◆ **What the exercise asks**
From the first line of the listing to the last, set down everything exactly, but skip the images.

+++ Data +++

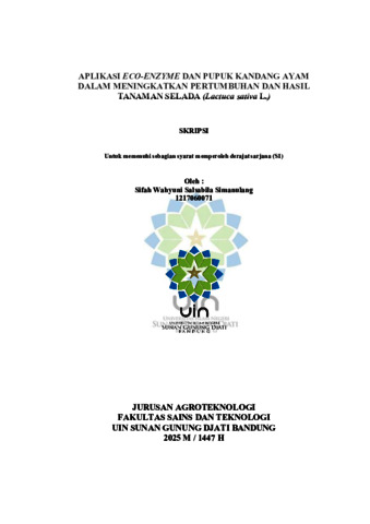 Simanulang, Sifah Wahyuni Salsabila (2025) Aplikasi eco enzyme dan pupuk kandang ayam dalam meningkatkan pertumbuhan dan hasil tanaman selada (Lactuca sativa L.). Sarjana thesis, UIN Sunan Gunung Djati Bandung.
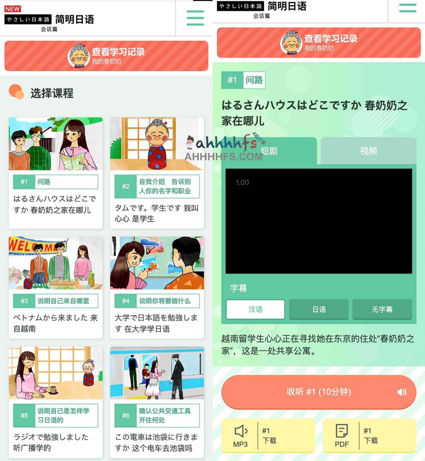 NHK简明日语,日本唯一的公共传媒机构NHK日本广播协会推出的,免费日语入门学习课程网站,提供丰富多样的日语免费课程和学习材料,课程一共48课,可以掌握基本的日语会话,包括日常的寒暄语以及方便的旅游用语等,满载旅游和文化信息,全部课程的音频、文档,均可免费下载。
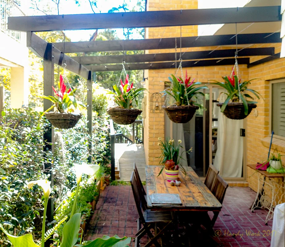 In this particular case, a canopy of greenery was chosen to give privacy from the neighbours who looked down on the area. So a pergola was built and wire was strung through holes in the pergola beams and the support posts to train climbers on.
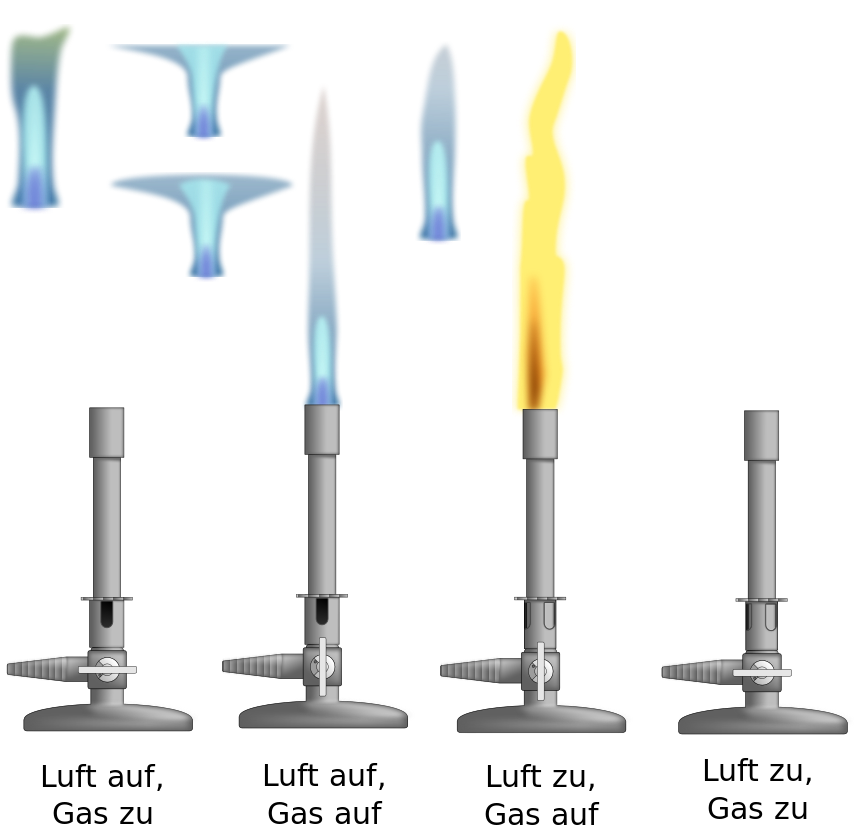 This displays a series of four different colored Bunsen burners, each with varying heights. These burners are labeled with the words "Lufft Au," "Lufft Zu," and "Gas Zu." Each burner has a unique design, making them easily distinguishable from one another. The colors of these burners include blue, yellow, and orange, adding visual interest to the scene.
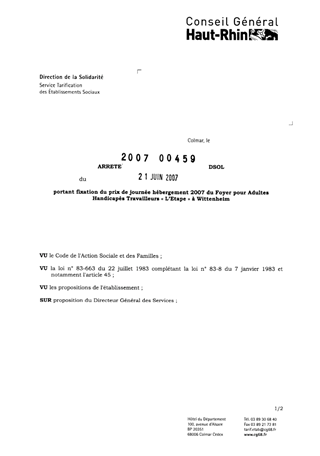 portant fixation du prix de journée hébergement 2007 du foyer pour adultes handicapés travailleurs "l'Etape" à WITTENHEIM. Resumé Pièces jointes ARRETE Assemblée : Non défini Date : 21/06/2007 Rapporteur : Non défini Collectivité : Conseil départemental du Haut-Rhin Direction : Non défini Service : Service de la Tarification des Etablissements Domaine : Prix de Journée Commission :
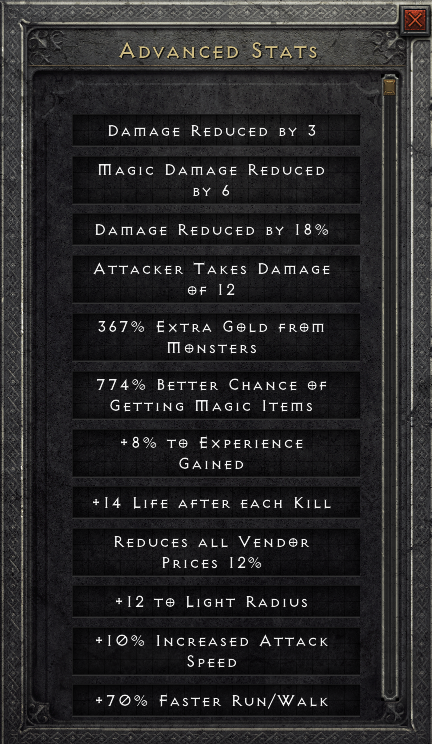 But uniques are just a fraction of the total valuable items you can find in D2. At least ~50% of my Wealth comes from non-uniques/rares that magic find does not affect at all: blue jewels, charms, mid and high runes, runeword bases. So, assuming magic find helps you find only half of your item Wealth, 774% magic find vs 350% magic find would only net you 17.6%/2 = 8.8% more Wealth per run of whatever you're running. So if your clear speed is even just 10% slower than the same character build with 350% magic find, then you're already hurting yourself by overstacking to 774% MF.
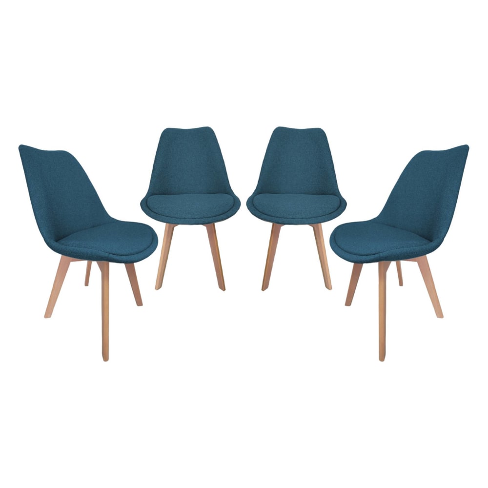 Set di 4 sedie scandinave in legno di faggio e tessuto semplice, blu
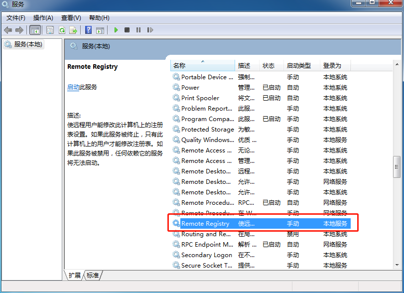 2.開始找到并打開“remote registry”選項(xiàng),如下圖所示:
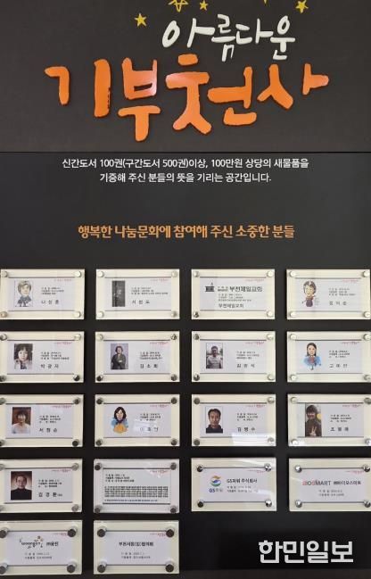‘아름다운 기부천사’ 게시판은 상동도서관 1층 로비에 마련돼 시민 누구나 쉽게 볼 수 있도록 조성돼 있다. 특히, 책을 통한 나눔의 가치를 전하고 자발적인 기부 문화를 확산하는 상징적 공간으로 자리매김하고 있다.
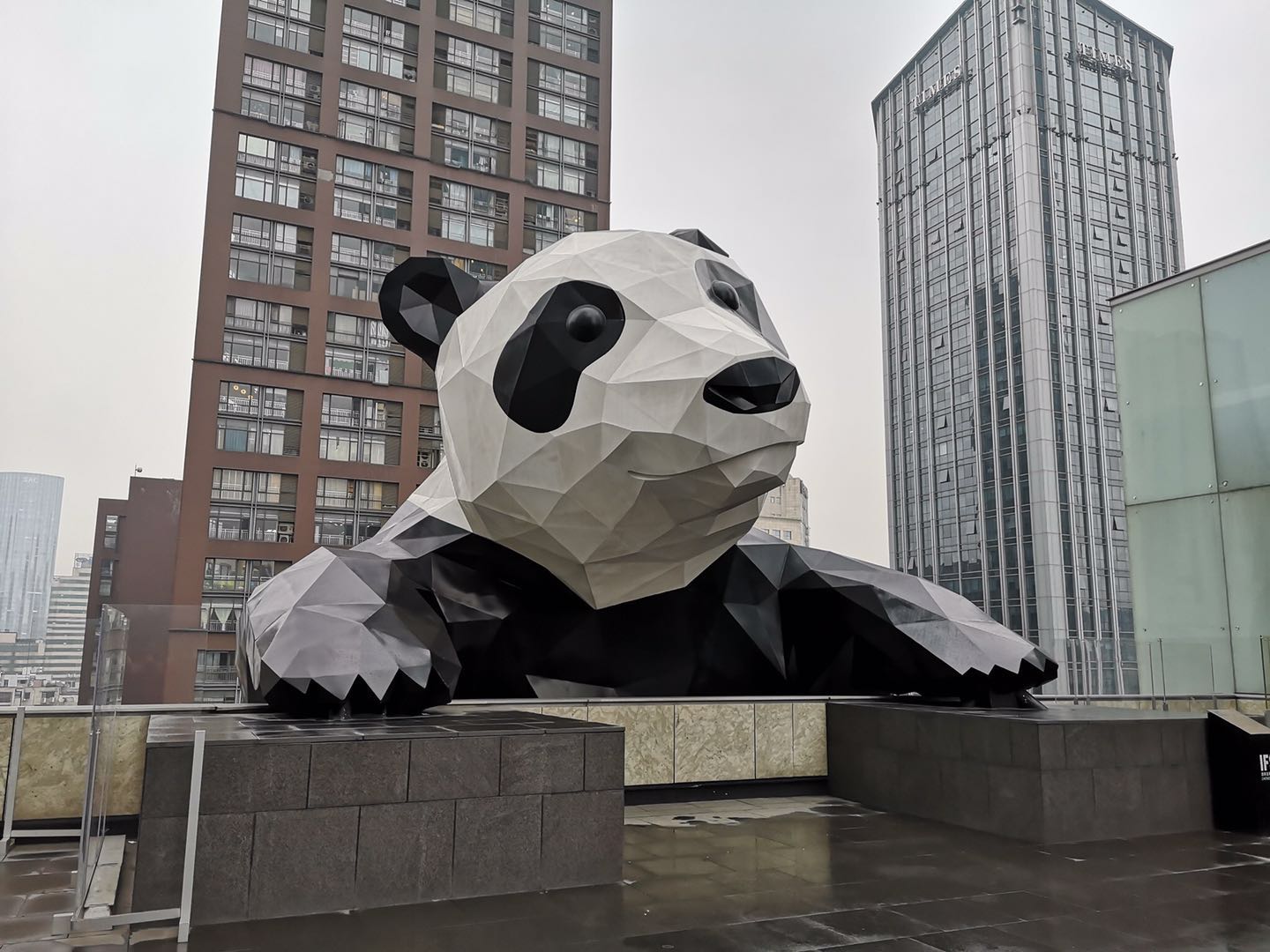 天下熙熙皆为利来、天下攘攘皆为利往,而作为成都商业中心的春熙路也就是因此而得名,但在商业金融中心却有着一座憨态可掬的熊猫爬墙雕塑。
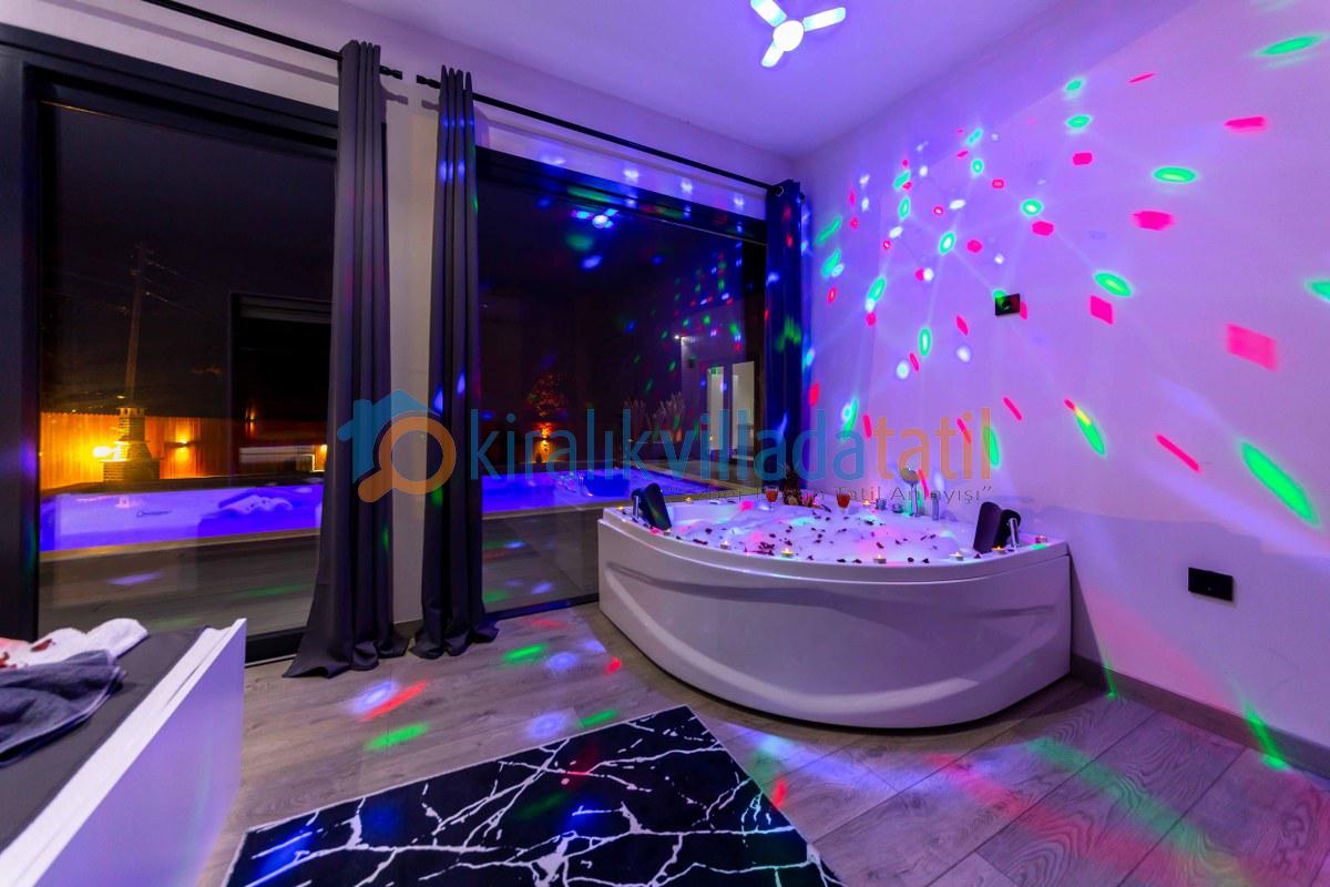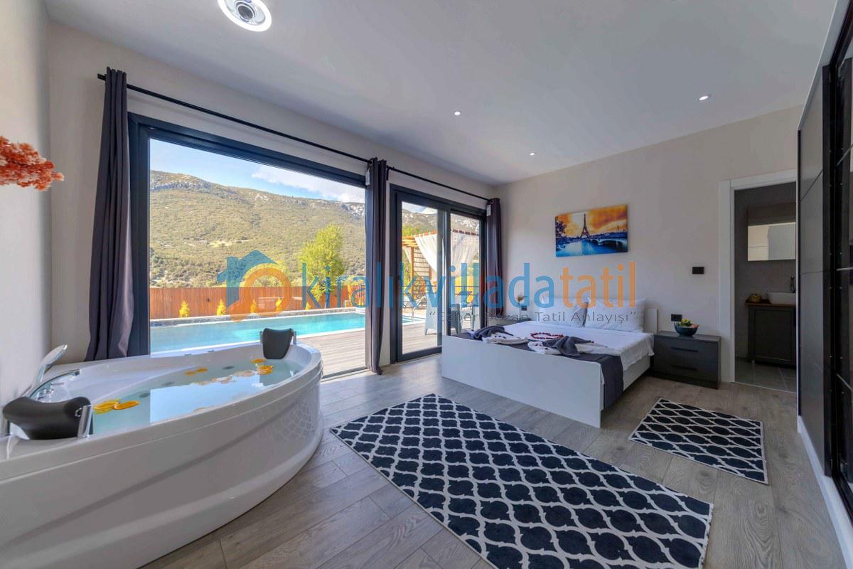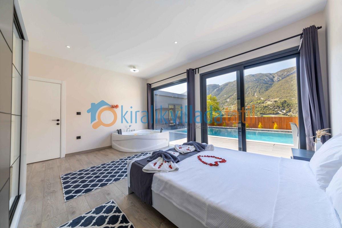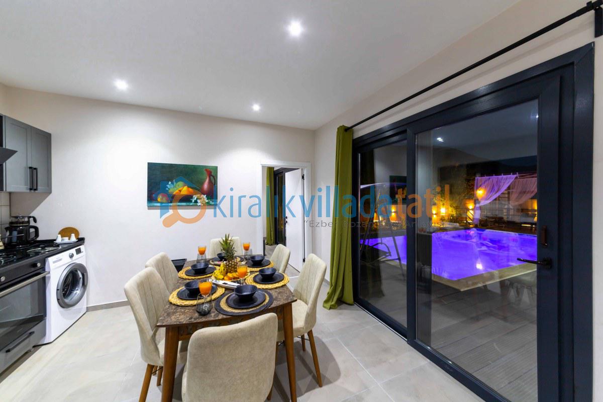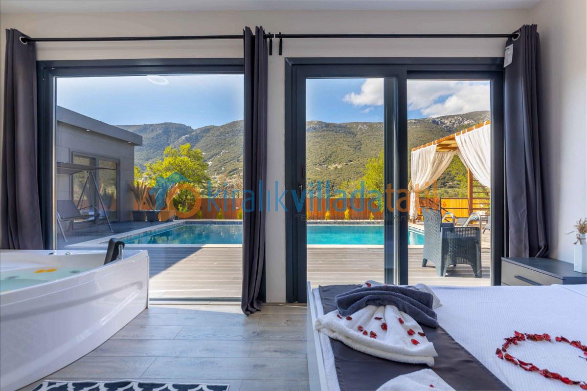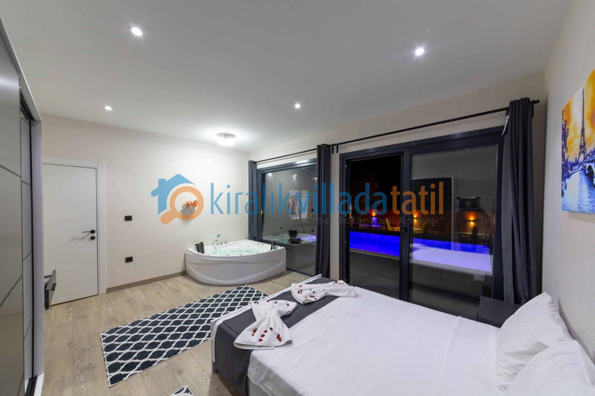 Villamızın iç kısmı modern bir yaşam alanı sunar: ferah salon, tam donanımlı mutfak, konforlu yatak odaları, jakuzi, klima ve geniş cam alanlar sayesinde doğanın güzelliğini evinizin içinden hissedersiniz. Akşamları, barbekü alanında sevdiklerinizle keyifli sofralar kurabilir, yıldızların altında huzurlu anlar yaşayabilirsiniz.
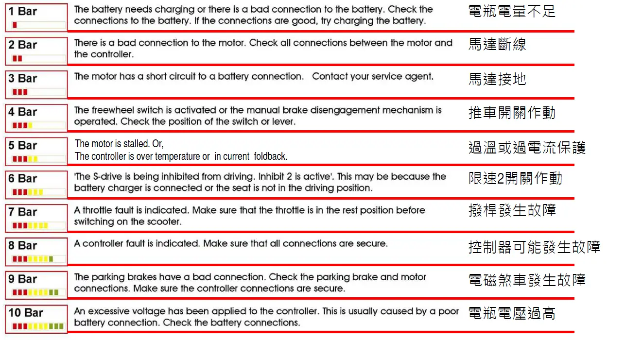 PG S-Drive controller: PG D-Drive Controller continuously monitors the operating conditions of your scooter. If it detects a problem it will indicate with error message by flashing light. You must count the number of the flash, and see the list to check what kind of error has happened according to the number) S-Drive Controller – Troubleshooting
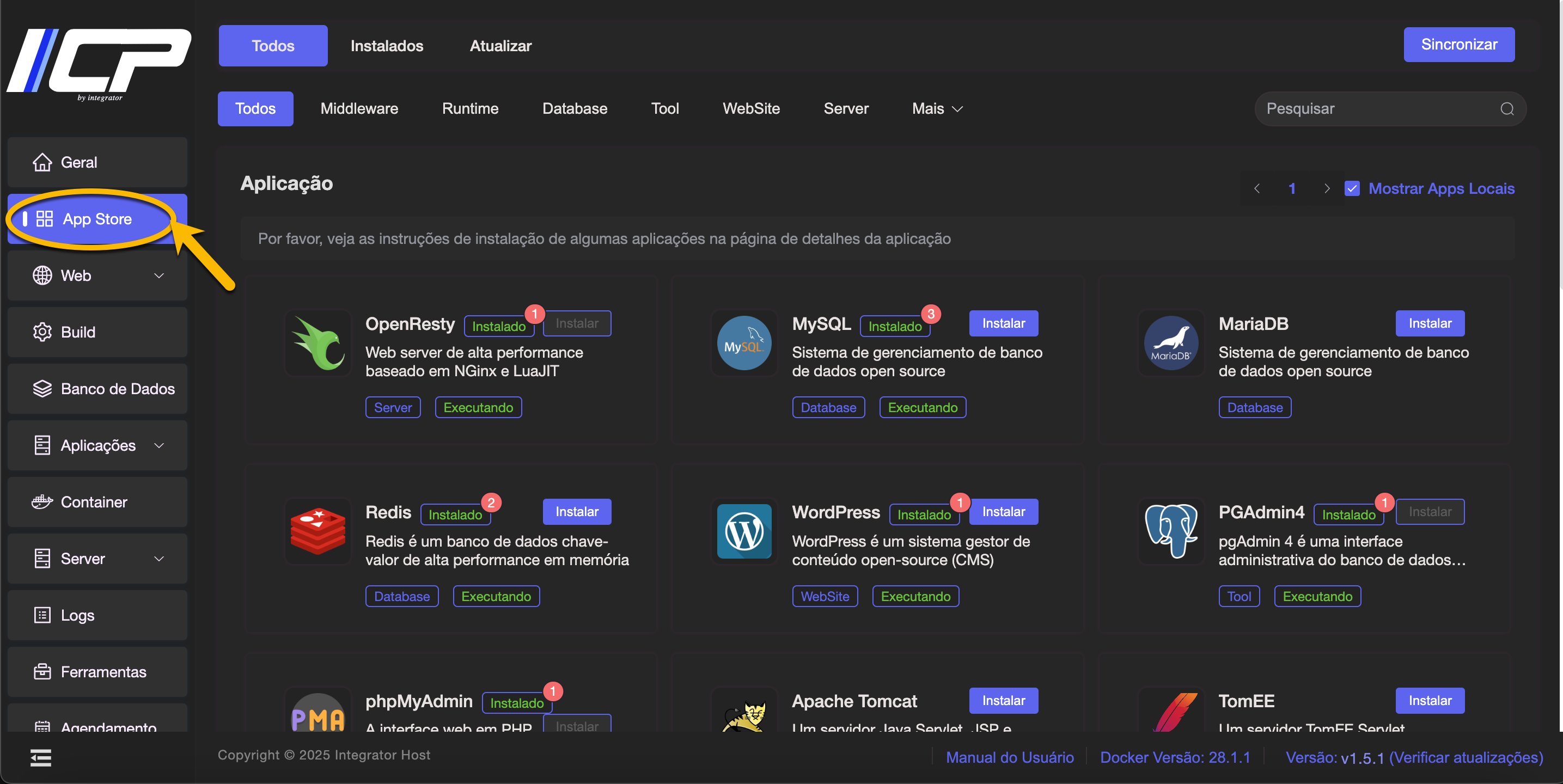 Acesse o Painel ICP digitando o endereço de acesso fornecido em seu e-mail de Configurações e Instruções de Uso (por exemplo, https://vpsXXXX.panel.icontainer.run:2090/admin).

+++

◆ **Response to this exercise**
 Simanulang, Sifah Wahyuni Salsabila (2025) Aplikasi eco enzyme dan pupuk kandang ayam dalam meningkatkan pertumbuhan dan hasil tanaman selada (Lactuca sativa L.). Sarjana thesis, UIN Sunan Gunung Djati Bandung.
 NHK简明日语,日本唯一的公共传媒机构NHK日本广播协会推出的,免费日语入门学习课程网站,提供丰富多样的日语免费课程和学习材料,课程一共48课,可以掌握基本的日语会话,包括日常的寒暄语以及方便的旅游用语等,满载旅游和文化信息,全部课程的音频、文档,均可免费下载。
 In this particular case, a canopy of greenery was chosen to give privacy from the neighbours who looked down on the area. So a pergola was built and wire was strung through holes in the pergola beams and the support posts to train climbers on.
 This displays a series of four different colored Bunsen burners, each with varying heights. These burners are labeled with the words "Lufft Au," "Lufft Zu," and "Gas Zu." Each burner has a unique design, making them easily distinguishable from one another. The colors of these burners include blue, yellow, and orange, adding visual interest to the scene.
 portant fixation du prix de journée hébergement 2007 du foyer pour adultes handicapés travailleurs "l'Etape" à WITTENHEIM. Resumé Pièces jointes ARRETE Assemblée : Non défini Date : 21/06/2007 Rapporteur : Non défini Collectivité : Conseil départemental du Haut-Rhin Direction : Non défini Service : Service de la Tarification des Etablissements Domaine : Prix de Journée Commission :
 But uniques are just a fraction of the total valuable items you can find in D2. At least ~50% of my Wealth comes from non-uniques/rares that magic find does not affect at all: blue jewels, charms, mid and high runes, runeword bases. So, assuming magic find helps you find only half of your item Wealth, 774% magic find vs 350% magic find would only net you 17.6%/2 = 8.8% more Wealth per run of whatever you're running. So if your clear speed is even just 10% slower than the same character build with 350% magic find, then you're already hurting yourself by overstacking to 774% MF.
 Set di 4 sedie scandinave in legno di faggio e tessuto semplice, blu
 2.開始找到并打開“remote registry”選項(xiàng),如下圖所示:
‘아름다운 기부천사’ 게시판은 상동도서관 1층 로비에 마련돼 시민 누구나 쉽게 볼 수 있도록 조성돼 있다. 특히, 책을 통한 나눔의 가치를 전하고 자발적인 기부 문화를 확산하는 상징적 공간으로 자리매김하고 있다.
 天下熙熙皆为利来、天下攘攘皆为利往,而作为成都商业中心的春熙路也就是因此而得名,但在商业金融中心却有着一座憨态可掬的熊猫爬墙雕塑。
 Villamızın iç kısmı modern bir yaşam alanı sunar: ferah salon, tam donanımlı mutfak, konforlu yatak odaları, jakuzi, klima ve geniş cam alanlar sayesinde doğanın güzelliğini evinizin içinden hissedersiniz. Akşamları, barbekü alanında sevdiklerinizle keyifli sofralar kurabilir, yıldızların altında huzurlu anlar yaşayabilirsiniz.
 PG S-Drive controller: PG D-Drive Controller continuously monitors the operating conditions of your scooter. If it detects a problem it will indicate with error message by flashing light. You must count the number of the flash, and see the list to check what kind of error has happened according to the number) S-Drive Controller – Troubleshooting
 Acesse o Painel ICP digitando o endereço de acesso fornecido em seu e-mail de Configurações e Instruções de Uso (por exemplo, https://vpsXXXX.panel.icontainer.run:2090/admin).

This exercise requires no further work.